I love this photo. If I'm not mistaken, you can pick out the internal structure of the bomb. You can also see the plasma (?) running down the support structures ahead of the fireball.
Incredible photograph. Wish we could go back and re-shoot this same stuff in 5K stereo. Looking at this reminds me of the picture of the cosmic background radiation that one physicist called the "face of God" For some reason I intuitively feel that there's some deep mystery in this picture.
For any of you in the vicinity of New Mexico, I encourage you to go visit the Atomic Museum, which is now known as the "The National Museum of Nuclear Science & History"
Oh! I was just there! That place is a lot of fun. Unfortunately a bit smaller than I would have liked; it doesn't take long to get through it all, but still, lots of cool stuff to look at.
Plus, they sell "Communist mints" in the gift shop, which are pretty awesome. I also picked up my girlfriend a pair of fatman and littleboy earrings, which are equally awesome.
Ah. I suppose being a conductor in normal conditions isn't a factor in this situation (plasma is plasma is plasma). Opacity being the main factor in heating makes sense.
It's interesting to see the lack of symmetry in the photograph. I wonder how much of that results from the initial arrangement of fissile materials in the bomb, and how much from turbulence as the explosion occurred?

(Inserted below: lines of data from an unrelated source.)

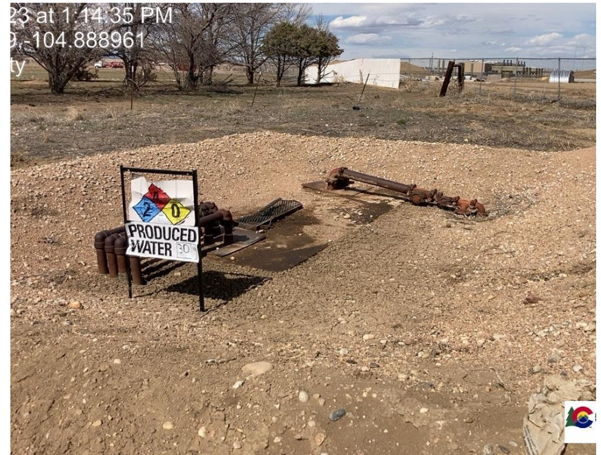
Pic 16 flow manifold, stained soil needs to be removed
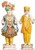
SW107 / 18"
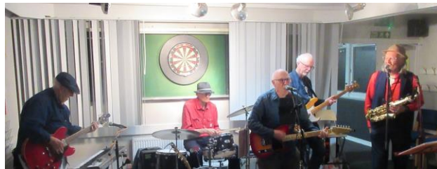
The Leyton Stones
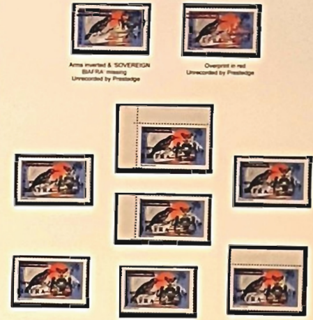
Area inverted & SOVEREIGN BIAFRA missing. Unrecorded by Postage

Varieties and Shifting Positions of the Overprint on the 10d
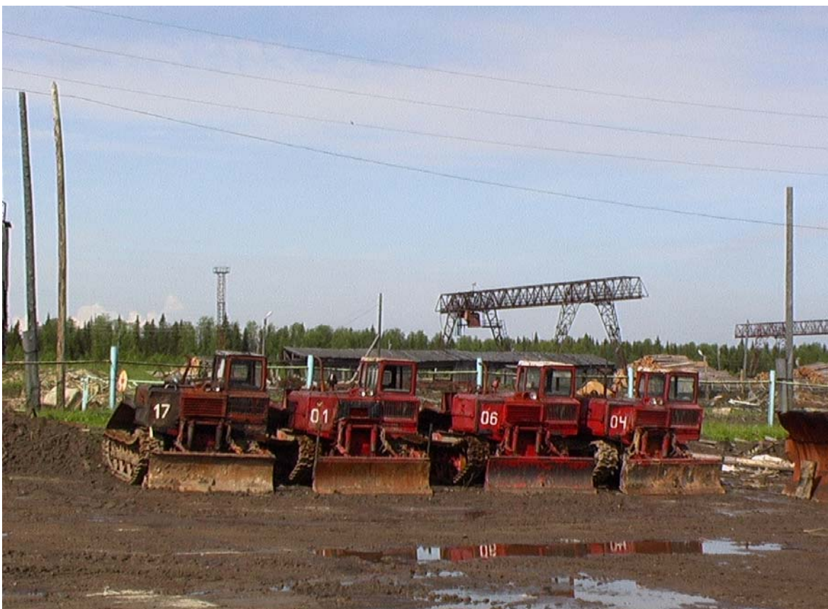
The service and supply shop area, logging tractors.
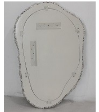
Back view of wall decor
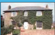
The Sanctuary Wick Lane
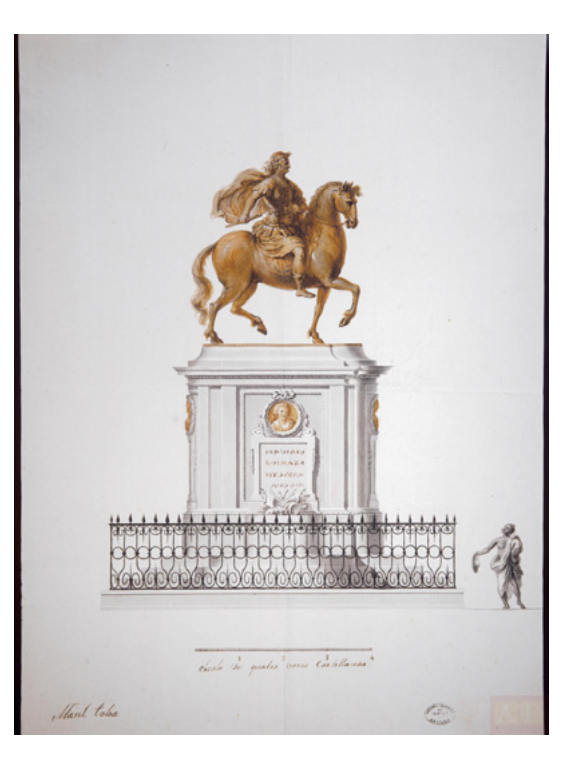
FIGURE 4. Design of the equestrian statue and monument to Carlos IV, projected for the main square of Mexico, sent to the king for his approval. In the original project the lateral ornaments were to bear portraits of the royal family, but instead the king approved the placement of representations of the four parts of the world (Source: Archivo General de Indias, Sevilla. ES.41091. AGI//MP-ESTAMPAS, 34).

Photographs taken years ago at this level of time resolution must be helpful today in validating computer simulations of nuclear explosions. Simulations, rather than actual tests, are how the ongoing safety of the nuclear arsenals of the major nuclear powers is currently assessed.
While it is somewhat due to the makeup of the bomb and the environment at the time, fusion physicists are discovering that such instabilities in the explosion are extremely difficult to get rid of. Even in the NIF, which is a controlled environment with no air and a perfectly symmetric fusion target, they'se seeing images that look creepily similar to this one. Unfortunately, that means that creating an efficient fusion reactor is...more challenging that expected.
> The resulting extraordinary photographs revealed intricate details of the first instant of an atomic explosion, including a few surprises such as irregular “mottling” caused primarily by variations in the density of the bomb’s casing. It also showed the detail of the “rope trick effect,” where the rapid vaporization of support cables caused curious lines to emanate from the bottom of an explosion.
The camera is interesting - using an electronic not mechanical shutter. This was around 1944. (Bell Lab's transistor was around 1947.)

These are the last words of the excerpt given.